THE DATA Block Start

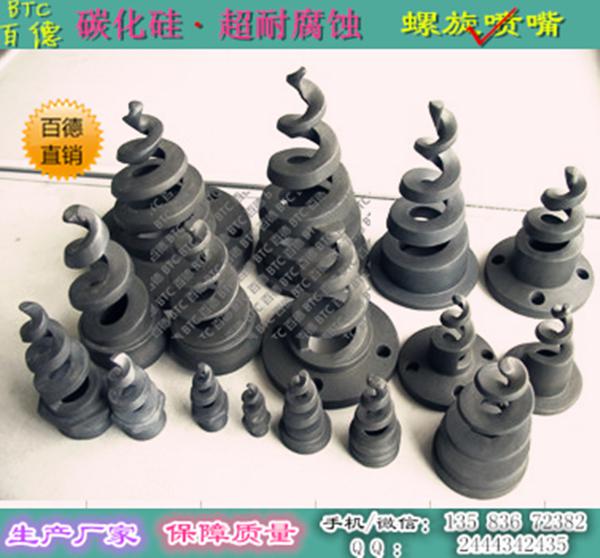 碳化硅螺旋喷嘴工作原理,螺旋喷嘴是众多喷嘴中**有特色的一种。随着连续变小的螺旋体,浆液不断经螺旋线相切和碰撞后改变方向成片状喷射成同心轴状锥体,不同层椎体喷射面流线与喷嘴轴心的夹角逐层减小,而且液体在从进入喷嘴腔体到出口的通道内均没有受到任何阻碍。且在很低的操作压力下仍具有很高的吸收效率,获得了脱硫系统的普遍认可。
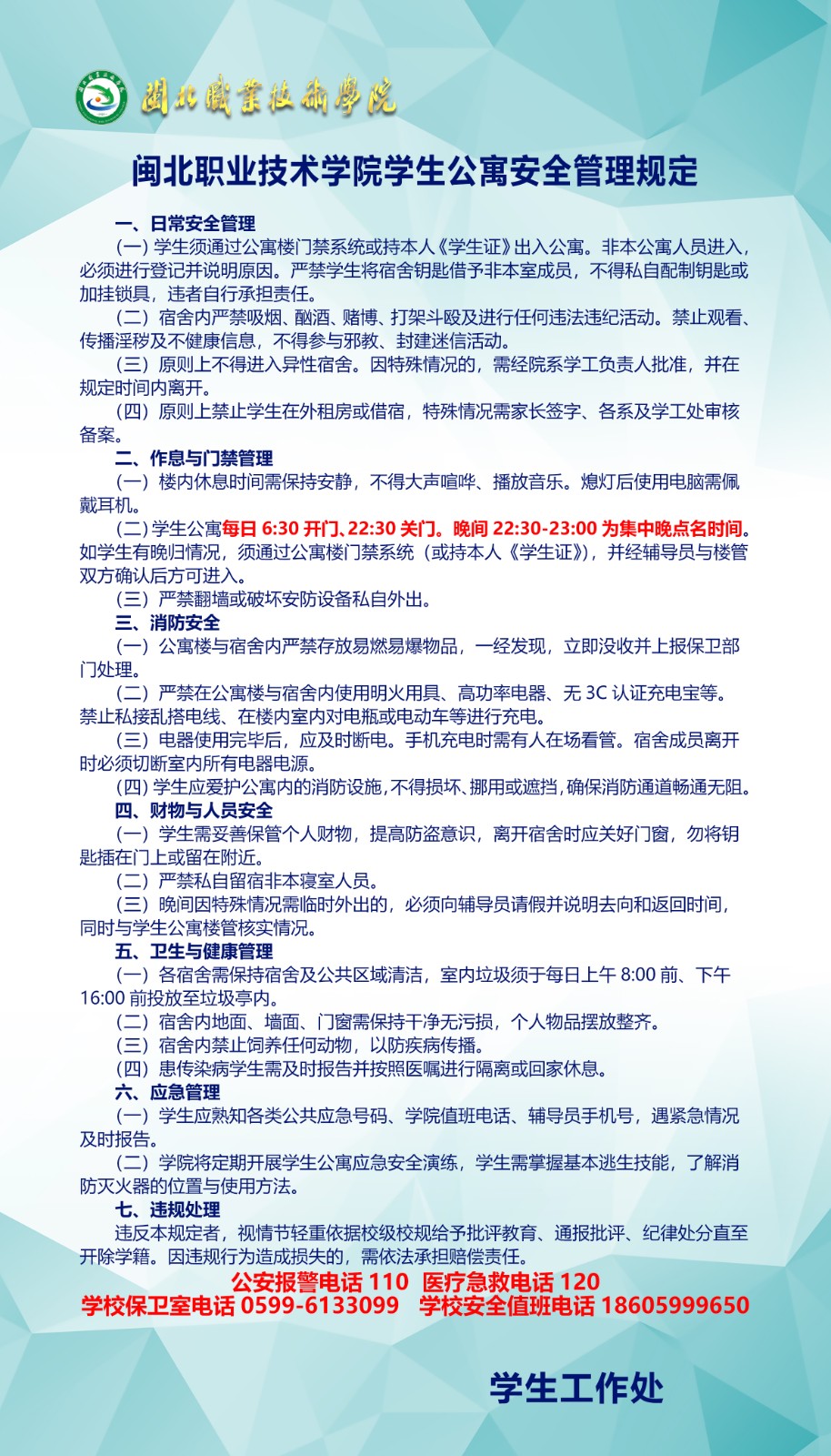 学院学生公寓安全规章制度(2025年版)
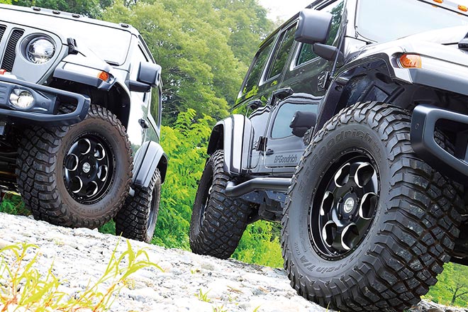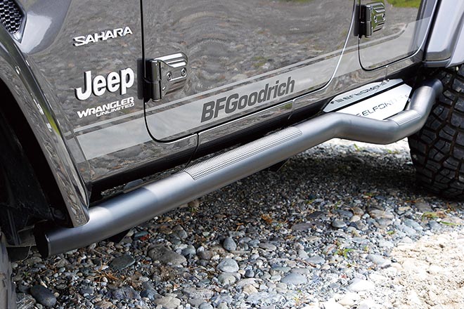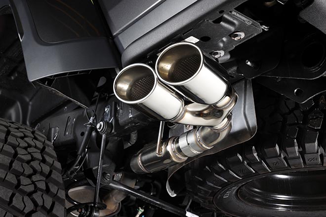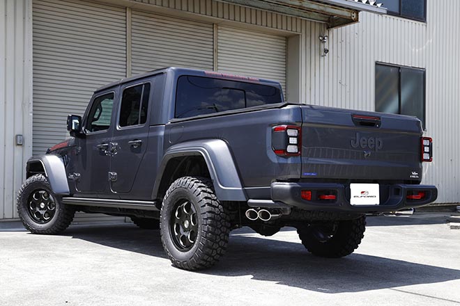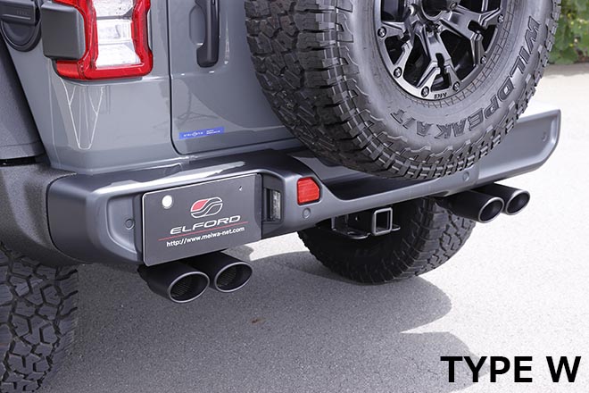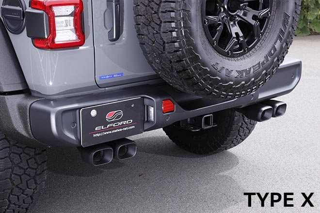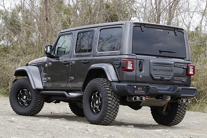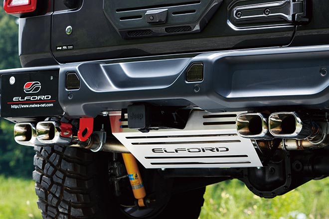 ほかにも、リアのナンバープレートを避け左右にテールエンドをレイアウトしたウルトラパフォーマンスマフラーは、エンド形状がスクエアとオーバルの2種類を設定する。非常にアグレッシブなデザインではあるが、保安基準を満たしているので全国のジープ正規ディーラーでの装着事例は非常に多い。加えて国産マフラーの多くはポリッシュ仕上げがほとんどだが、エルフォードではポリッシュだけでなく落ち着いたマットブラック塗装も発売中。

THE DATA Block End
THE DATA Block Start

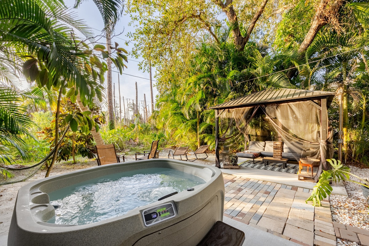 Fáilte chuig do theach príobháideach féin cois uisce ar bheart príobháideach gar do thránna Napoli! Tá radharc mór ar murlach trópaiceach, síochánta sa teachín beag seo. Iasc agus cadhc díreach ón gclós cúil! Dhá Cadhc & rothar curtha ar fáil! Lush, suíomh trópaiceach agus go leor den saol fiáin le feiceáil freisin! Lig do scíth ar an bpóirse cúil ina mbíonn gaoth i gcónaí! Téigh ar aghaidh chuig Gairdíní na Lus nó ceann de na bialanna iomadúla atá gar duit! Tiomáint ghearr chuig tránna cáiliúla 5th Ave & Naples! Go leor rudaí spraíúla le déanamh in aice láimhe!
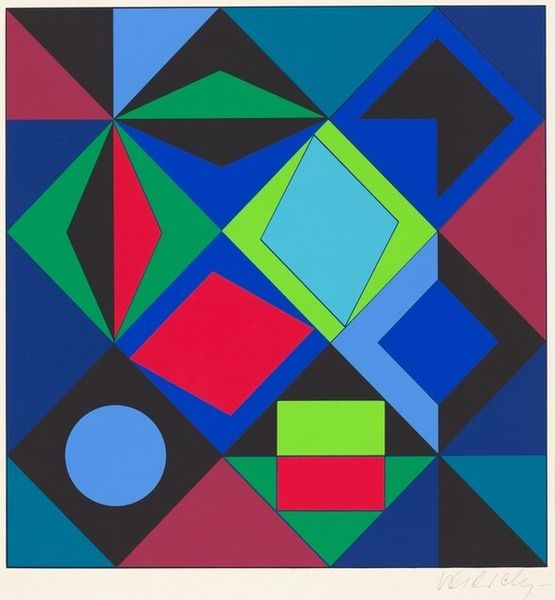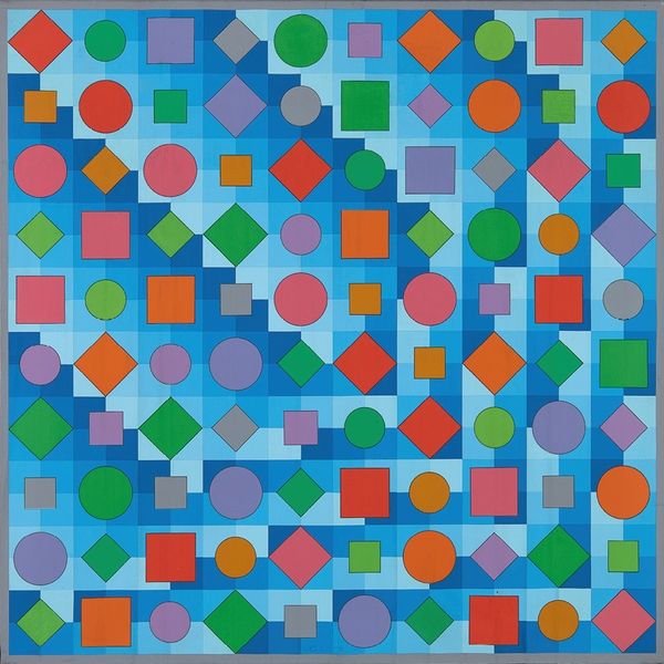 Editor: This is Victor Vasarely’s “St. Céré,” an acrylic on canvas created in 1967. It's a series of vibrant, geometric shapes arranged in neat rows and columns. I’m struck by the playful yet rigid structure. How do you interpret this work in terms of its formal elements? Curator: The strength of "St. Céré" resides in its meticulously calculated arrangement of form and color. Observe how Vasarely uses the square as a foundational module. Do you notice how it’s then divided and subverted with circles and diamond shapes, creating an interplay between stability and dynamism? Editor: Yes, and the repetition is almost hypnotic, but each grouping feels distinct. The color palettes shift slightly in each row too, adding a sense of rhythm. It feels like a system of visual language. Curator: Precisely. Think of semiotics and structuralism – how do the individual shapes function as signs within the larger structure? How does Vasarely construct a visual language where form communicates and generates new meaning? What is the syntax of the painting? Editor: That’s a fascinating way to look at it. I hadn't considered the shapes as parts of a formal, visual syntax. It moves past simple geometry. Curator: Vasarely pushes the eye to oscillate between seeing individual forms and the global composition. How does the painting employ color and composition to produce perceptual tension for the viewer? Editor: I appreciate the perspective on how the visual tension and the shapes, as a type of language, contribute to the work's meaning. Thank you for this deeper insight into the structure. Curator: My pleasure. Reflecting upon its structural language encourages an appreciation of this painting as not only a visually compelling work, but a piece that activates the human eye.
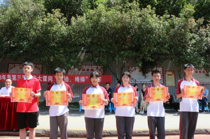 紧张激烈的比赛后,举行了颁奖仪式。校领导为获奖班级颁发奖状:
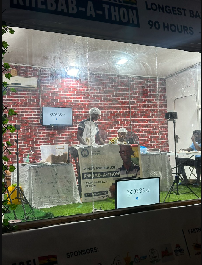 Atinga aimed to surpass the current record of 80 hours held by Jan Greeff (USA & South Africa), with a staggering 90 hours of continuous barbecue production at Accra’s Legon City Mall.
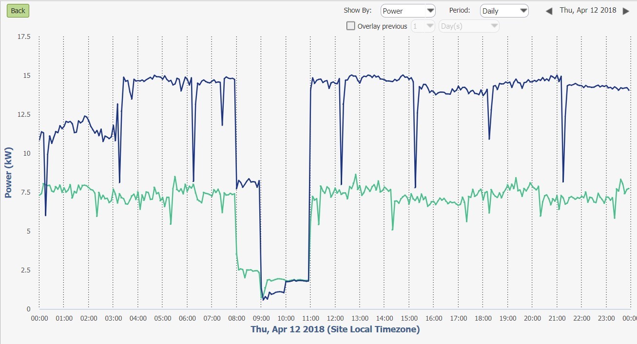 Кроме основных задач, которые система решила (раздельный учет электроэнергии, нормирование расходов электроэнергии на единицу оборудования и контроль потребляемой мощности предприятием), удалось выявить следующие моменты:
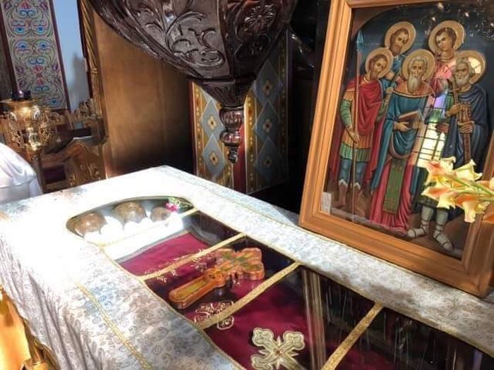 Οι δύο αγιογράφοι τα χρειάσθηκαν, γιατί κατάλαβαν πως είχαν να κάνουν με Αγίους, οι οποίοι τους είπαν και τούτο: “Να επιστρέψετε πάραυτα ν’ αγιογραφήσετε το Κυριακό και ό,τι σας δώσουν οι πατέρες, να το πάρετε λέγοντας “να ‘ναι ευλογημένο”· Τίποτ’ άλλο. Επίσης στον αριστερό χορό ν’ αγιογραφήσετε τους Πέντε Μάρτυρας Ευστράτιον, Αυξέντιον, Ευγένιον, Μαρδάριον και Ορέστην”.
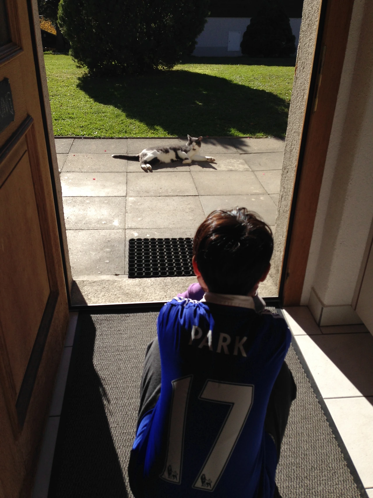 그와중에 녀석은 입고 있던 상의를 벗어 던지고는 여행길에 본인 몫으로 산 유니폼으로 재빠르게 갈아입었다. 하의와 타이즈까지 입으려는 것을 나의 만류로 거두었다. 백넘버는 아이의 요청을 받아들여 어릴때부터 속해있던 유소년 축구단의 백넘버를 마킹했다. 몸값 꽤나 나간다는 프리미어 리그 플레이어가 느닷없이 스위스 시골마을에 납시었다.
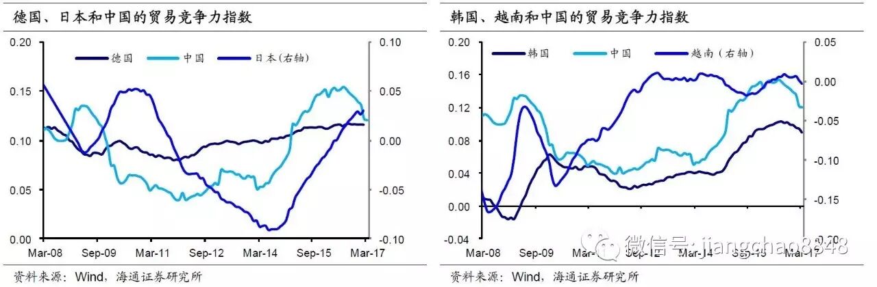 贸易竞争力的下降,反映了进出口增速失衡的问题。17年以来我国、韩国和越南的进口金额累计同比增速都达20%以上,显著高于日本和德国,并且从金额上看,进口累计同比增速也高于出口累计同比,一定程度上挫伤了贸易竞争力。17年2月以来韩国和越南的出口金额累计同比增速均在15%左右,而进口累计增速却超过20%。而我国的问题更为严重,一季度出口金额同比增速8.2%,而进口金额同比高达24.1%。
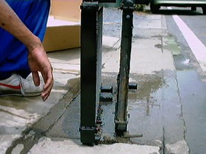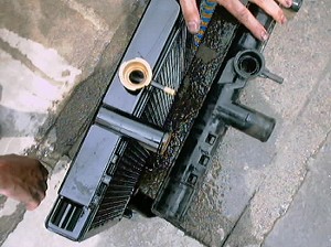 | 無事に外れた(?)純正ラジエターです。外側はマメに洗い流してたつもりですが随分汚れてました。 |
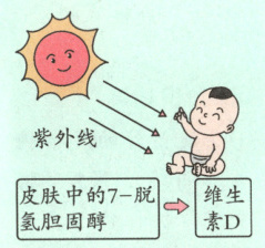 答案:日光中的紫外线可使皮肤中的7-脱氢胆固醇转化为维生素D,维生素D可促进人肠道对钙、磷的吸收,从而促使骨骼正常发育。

THE DATA Block End

Copy exactly the lines of the entries above from the one containing "碳化硅螺旋喷嘴工作原理,螺旋" through the one containing "ほかにも、リアのナンバープレ". Both end lines count; pictures do not.

 碳化硅螺旋喷嘴工作原理,螺旋喷嘴是众多喷嘴中**有特色的一种。随着连续变小的螺旋体,浆液不断经螺旋线相切和碰撞后改变方向成片状喷射成同心轴状锥体,不同层椎体喷射面流线与喷嘴轴心的夹角逐层减小,而且液体在从进入喷嘴腔体到出口的通道内均没有受到任何阻碍。且在很低的操作压力下仍具有很高的吸收效率,获得了脱硫系统的普遍认可。
 学院学生公寓安全规章制度(2025年版)
 ほかにも、リアのナンバープレートを避け左右にテールエンドをレイアウトしたウルトラパフォーマンスマフラーは、エンド形状がスクエアとオーバルの2種類を設定する。非常にアグレッシブなデザインではあるが、保安基準を満たしているので全国のジープ正規ディーラーでの装着事例は非常に多い。加えて国産マフラーの多くはポリッシュ仕上げがほとんどだが、エルフォードではポリッシュだけでなく落ち着いたマットブラック塗装も発売中。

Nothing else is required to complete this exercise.